WHAT YOU NEED TO DO
Some entries follow. Reproduce exactly the lines starting at the one with "Bùi Ngọc Bảo" and stopping after the one with "つぎに、英語の歌に合わせて身".

DATA TO EXAMINE
►
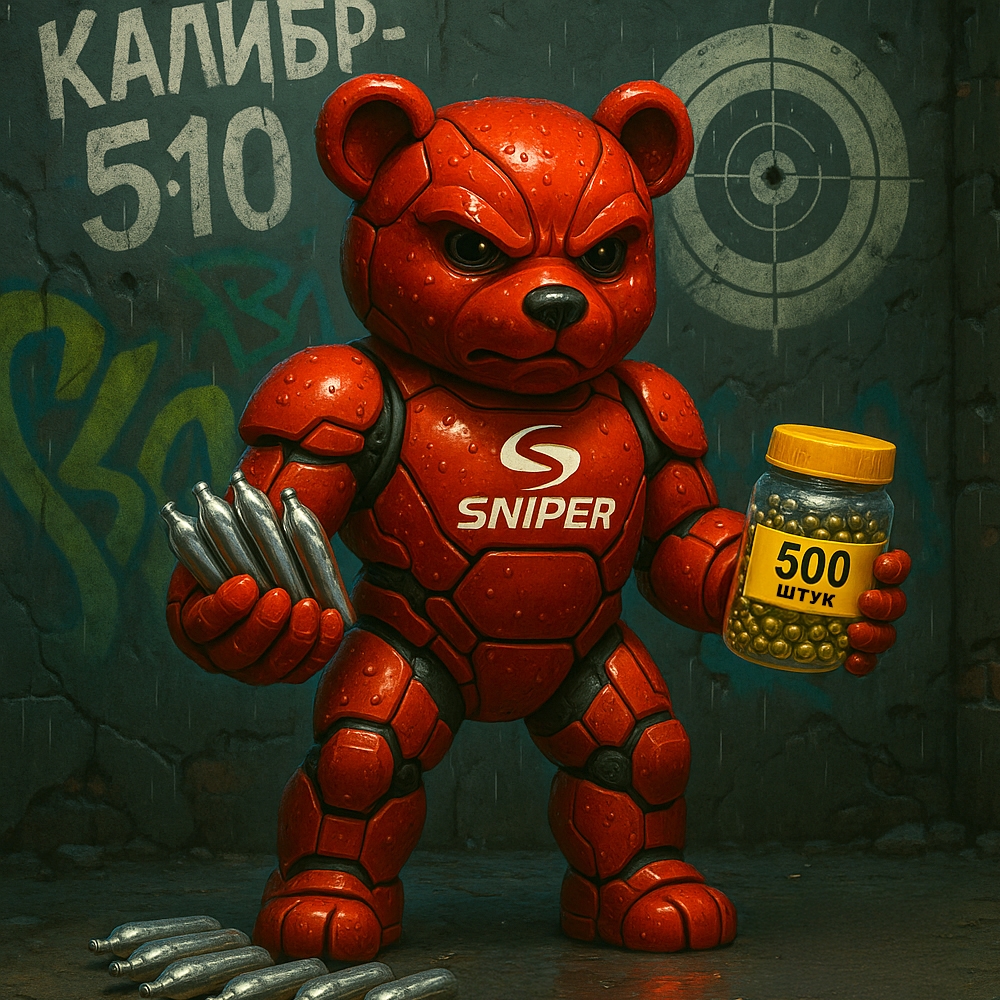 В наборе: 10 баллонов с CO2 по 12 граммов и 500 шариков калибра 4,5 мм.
◄
►
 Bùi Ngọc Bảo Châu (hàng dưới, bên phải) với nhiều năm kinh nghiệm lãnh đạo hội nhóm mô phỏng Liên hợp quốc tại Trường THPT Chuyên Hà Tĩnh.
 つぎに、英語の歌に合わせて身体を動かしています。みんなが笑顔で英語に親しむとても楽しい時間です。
◄
TASK RESPONSE
 Bùi Ngọc Bảo Châu (hàng dưới, bên phải) với nhiều năm kinh nghiệm lãnh đạo hội nhóm mô phỏng Liên hợp quốc tại Trường THPT Chuyên Hà Tĩnh.
 つぎに、英語の歌に合わせて身体を動かしています。みんなが笑顔で英語に親しむとても楽しい時間です。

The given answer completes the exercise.